Alison Bailey - “On Anger, Silence, and Epistemic Injustice”

Alison Bailey
Peabody Hall, Room 115
Special Information:
with support from the Willson Center for Humanities & Arts

Alison Bailey is a Professor of Philosophy at Illinois State University where she directs the Women's and Gender Studies Program. Her scholarship engages issues at the intersections of feminist theories, philosophy of race, critical whiteness studies, and social epistemology (especially epistemic injustice and ignorance). She was chosen to give the College of Arts and Sciences Distinguished Lecture at her university earlier this year. Her recent work on anger appears in the Royal Institute of Philosophy’s supplemental volume on “The Harms and Wrongs of Epistemic Practice,” and in The Logic of Racial Practice: Embodiment, Habitus, and Implicit Bias. Her scholarship on whiteness and ignorance has appeared in Hypatia: A Journal of Feminist Philosophy, Social Epistemology Review and Reply Collective, and Philosophy Today.  She is currently at work on a new book titled The Weight of Whiteness: Feminist Engagements with Privilege, Race, and Ignorance, which will be published next year as part of the Lexington Books Philosophy or Race Series. She also co-edited The Feminist Philosophy Reader with UGA’s own Dr. Chris Cuomo.

Abstract for Colloquia lecture “On Anger, Silence, and Epistemic Injustice”

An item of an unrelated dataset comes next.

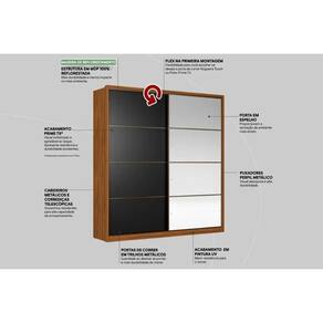Material do Calceiro - Calceiro Metálico Tipo de Cabideiro - Aéreo Material dos Cabideiros - Cabideira Metálico Tipo de Porta do Guarda-Roupa - Portas de Correr Material das Portas - Portas em MDP Material do trilho da porta de correr - Trilho Metálico Diferenciais das Portas - Porta c/ Espelho Quantidade de Portas - 2 Portas de Correr Quantidade de Portas com Espelho - 1 Porta com Espelho Tipo de Espelho - Espelho Externo Material das Gavetas - Gavetas em MDP Tipo de Corrediça - c/ Corrediças Telescópicas Quantidade de Gavetas - 3 Material das Prateleiras - Prateleiras em MDP Quantidade de Prateleiras - 4 Quantidade de Nichos - 6 Nichos

Anger is the emotion of injustice. Historically, subordinated groups have defended our anger as an appropriate response to injustice. Our anger rushes to the surface. It pulls us back into our bodies.  This is how injustice feels. Those of us who live worlds where testimony about our lived experiences is repeatedly silenced, dismissed, or distorted are familiar with the anger these constant erasures trigger. Most discussions of anger and injustice focus on the political uses of anger; but, injustice has prominent epistemic dimensions. I begin by making visible a form of resistant anger that saturates the silences at the heart of epistemic injustice. I suggest that the relationship between anger and epistemic injustices requires focusing narrowly on silencing practices that manage tone–tone policing and tone vigilance. My discussion of tone policing and tone vigilance clarifies the connections between tone management and anger/knowledge management and outlines the epistemic injuries of this practice. Anger can offer us epistemic traction. I argue that a particular texture of anger–a knowing resistant anger–offers a powerful resource for countering epistemic injustices.